For the second time since it announced its HealthKit plans, Apple has made a mistake related to blood glucose measurement units. Last week the company pulled the glucose tracking feature out of its Health app for users in some countries where glucose is tracked in millimoles per liter (mmol/L) and not milligrams per deciliter (mg/dL) like they are in the US.
"If you measure your blood glucose using a device that displays mmol/L, those values can't be manually entered or displayed in the Health app with that unit of measurement," Apple wrote in its support forum a few days ago. "To prevent confusion in countries where mmol/L is commonly used, we'll soon release a software update that will temporarily remove the ability to manually enter and view blood glucose values in the Health app while we work on an update to support both units of measurement."
Apple continued: "If you have previously entered values manually in the Health app, you'll no longer see this data in the Health app after the update.
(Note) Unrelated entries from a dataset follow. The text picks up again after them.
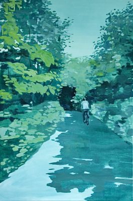 Работы Дарьи Барыбиной, наоборот, можно назвать сентиментальными и лирическими. Однако, формально отсылая зрителя к живописной традиции конца XIX века, Барыбина изображает не величественную природу, а искусственный городской оазис, который дарит жителям мегаполиса возможность расслабиться и скрыться от тревог – не только внешних, но и внутренних. Большую часть работ наполняют оттенки зеленого и желтого, другие работы контрастны и выполнены в розовых и фиолетовых тонах.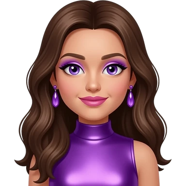 Nikki from Diva Starz with violet eyes, long brown hair, lilac eyeshadow, pink lipstick, purple metallic high neck dress, lilac earrings emoji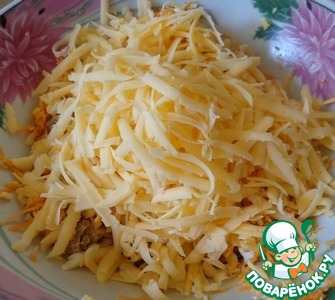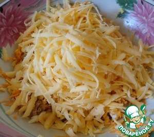 Сырую морковь натереть на мелкой терке и добавить к основной массе. Сыр натереть на крупной терке, добавить также к общей массе и перемешать.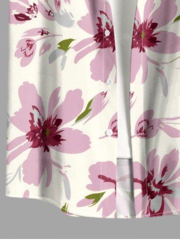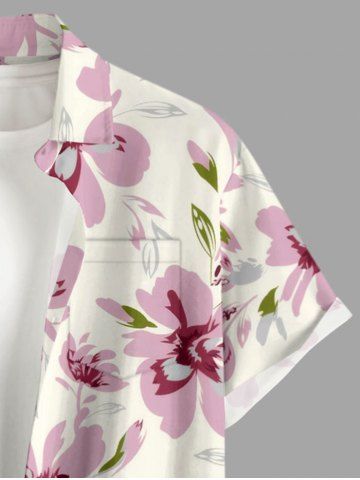 Plus Size Flowers Leaf Print Buttons Pocket Hawaii Shirt For Men - Pink - 3xl

However, your data won't be deleted, and other apps with permission to read health data will still have access to blood glucose values that you previously entered."
During its presentation at WWDC earlier this year, Apple -- or its partner Epic Systems -- had a typo in its slide about glucose tracking.
As we reported at the time: Rock Health published a blog post reaction to HealthKit written by the sharp-eyed Aaron Rowe, research director at Integrated Plasmonics, who noticed that one of the slides Apple presented during the event had the wrong measurement units for blood glucose monitoring. The slide (pictured at the bottom of this post) listed them as mL/dL, while the correct units are mg/dL. The error was actually part of a screenshot of Epic’s MyChart app so it may have been Epic’s mistake, but it was part of an Apple executive’s presentation. For a company long known for its attention to detail, not a great indicator for how deep Apple’s medical bench is.
A typo on a slide at a major launch event is embarrassing. But an error like Apple's most recent one, where patients with diabetes in countries like Australia or the UK may be relying on their health apps for an accurate number -- one that will likely affect dietary decisions they make -- has much higher stakes.